Newsgroups: oberlin.cs
From: jimb@totoro.cs.oberlin.edu (Jim Blandy)
Subject: Re: Neat schemes for implementing buffers in an editor
In-Reply-To: carlton@husc8.harvard.edu's message of Wed, 16 Dec 1992 22:36:50 GMT
Nntp-Posting-Host: totoro.cs.oberlin.edu
Organization: I see no organization here.
Distribution: oberlin
Date: Thu, 17 Dec 1992 13:24:22 GMT


In article <CARLTON.92Dec16173650@husc8.harvard.edu> carlton@husc8.harvard.edu (david carlton) writes:

>I'm writing an editor.  I need to implement buffers, of course.  What
>are people's favorite tricks for how to store the buffer internally?

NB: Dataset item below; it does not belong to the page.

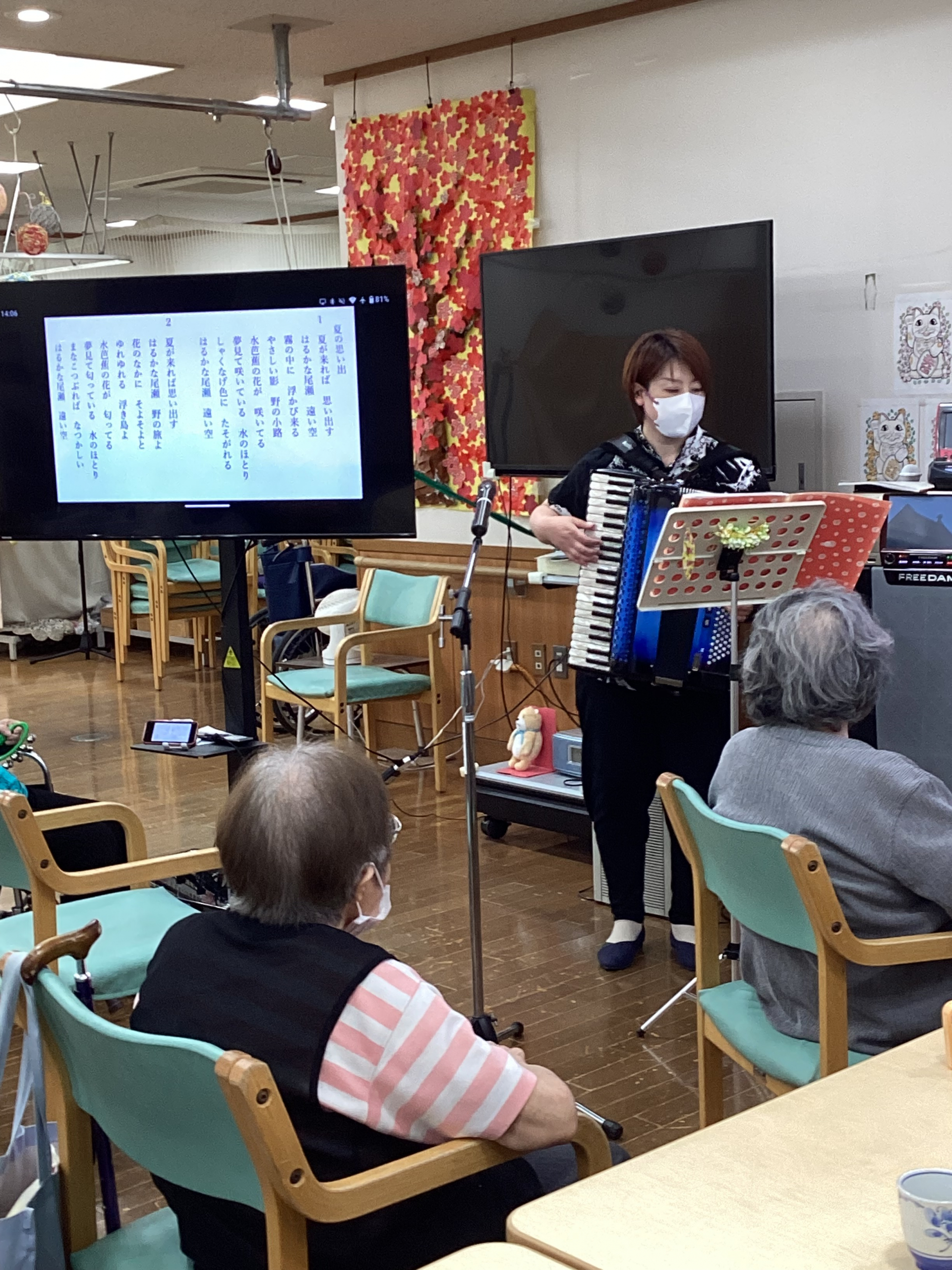 前回も好評だったアコーディオン演奏会ですが、今回も皆さんアコーディオンと共に綺麗な歌声を響かせておりました。

You know how Emacs does it, right?  It keeps the entire text of the
buffer in memory, in one big array of characters.  The array is larger
than necessary to hold the text of the buffer; the extra space is
called the "gap".

Suppose your buffer contains the text

	"Beauty sat bathing by a spring"

Emacs might store this 30-character text in a 50-character buffer like
this:

	"Beauty sat bathing by a spring                    "
				       |^^^^ the gap ^^^^^|

Emacs always ignores the characters in the gap - this buffer is only
30 characters long, and the last character in it is a "g".  The
buffer's text is only that which is outside the gap.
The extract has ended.